De mondelinge behandeling heeft plaatsgevonden op 15 februari 2021 in de Commissiezaal van het Provinciehuis te Lelystad in verband met de maatregelen rondom COVID-19. De griffier heeft aantekeningen gemaakt van wat partijen ter toelichting van hun standpunten naar voren hebben gebracht. Beide gemachtigden hebben een pleitnota overgelegd, deze zijn aan het dossier gevoegd.
Hierna is uitspraak bepaald.
2 De feiten
[verzoekster] is een bouwbedrijf, waaronder meerdere werkmaatschappijen vallen met eigen disciplines.

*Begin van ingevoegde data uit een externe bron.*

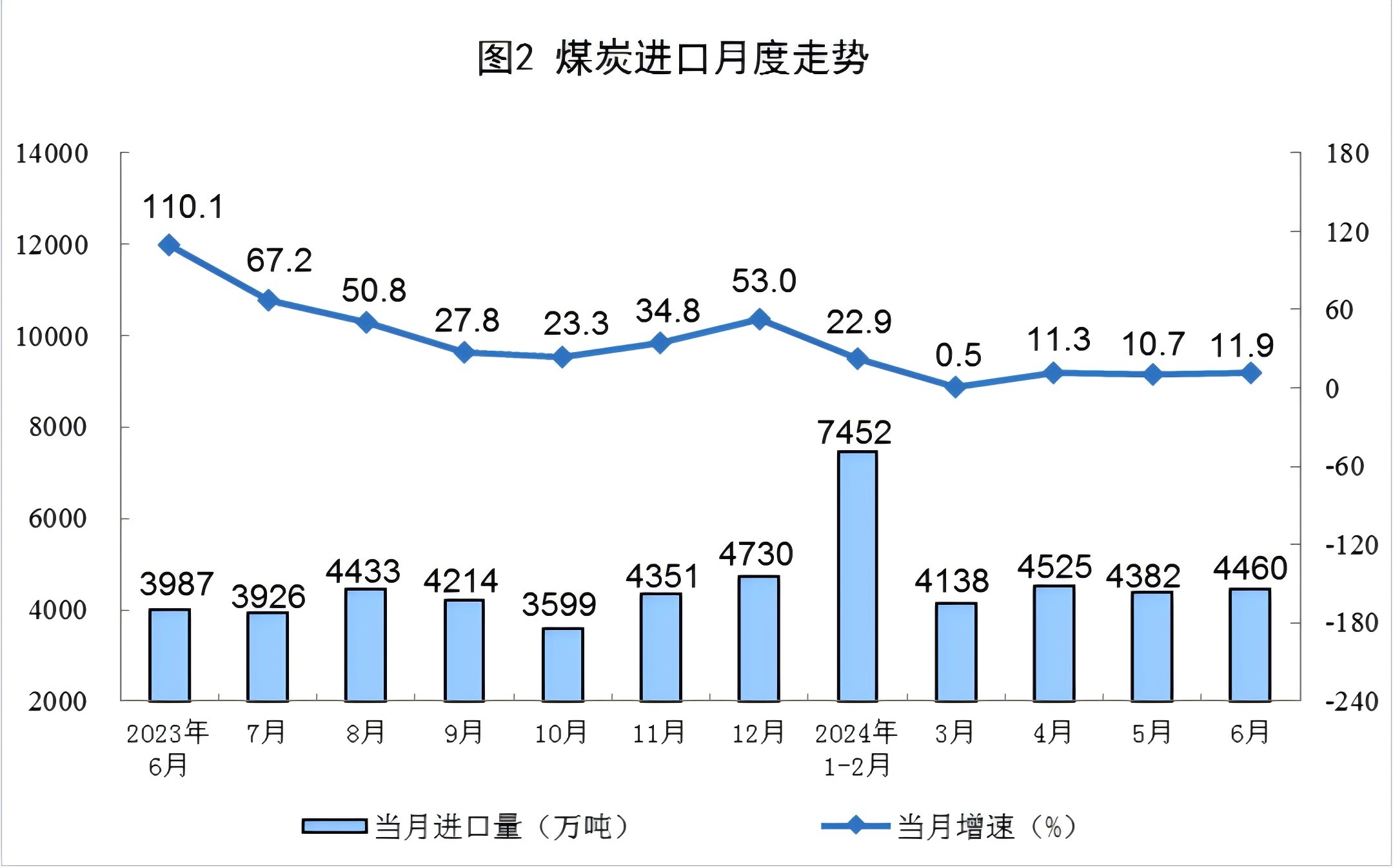根據(jù)國家統(tǒng)計局發(fā)布的數(shù)據(jù),2024年1-6月份進口煤炭2.5億噸,同比增長12.5%。6月份進口煤炭4460萬噸,同比增長11.9%,這一增長率較1-6月份的12.5%略有下降,但仍然顯示出煤炭進口量的穩(wěn)中有增,對煤炭的價格會行成一定的壓力。

Binnen [verzoekster] en haar werkmaatschappijen zijn bijna 500 medewerkers werkzaam.
[verweerder] , geboren op [1956] , is sinds 1 april 2007 in dienst van [verzoekster] , laatstelijk op basis van een arbeidsovereenkomst voor onbepaalde tijd als Total Quality Manager (hierna: TQM Manager) tegen een salaris van € 6.051,00 bruto per maand exclusief 8% vakantietoeslag en overige emolumenten op basis van een dienstverband van 40 uur per week.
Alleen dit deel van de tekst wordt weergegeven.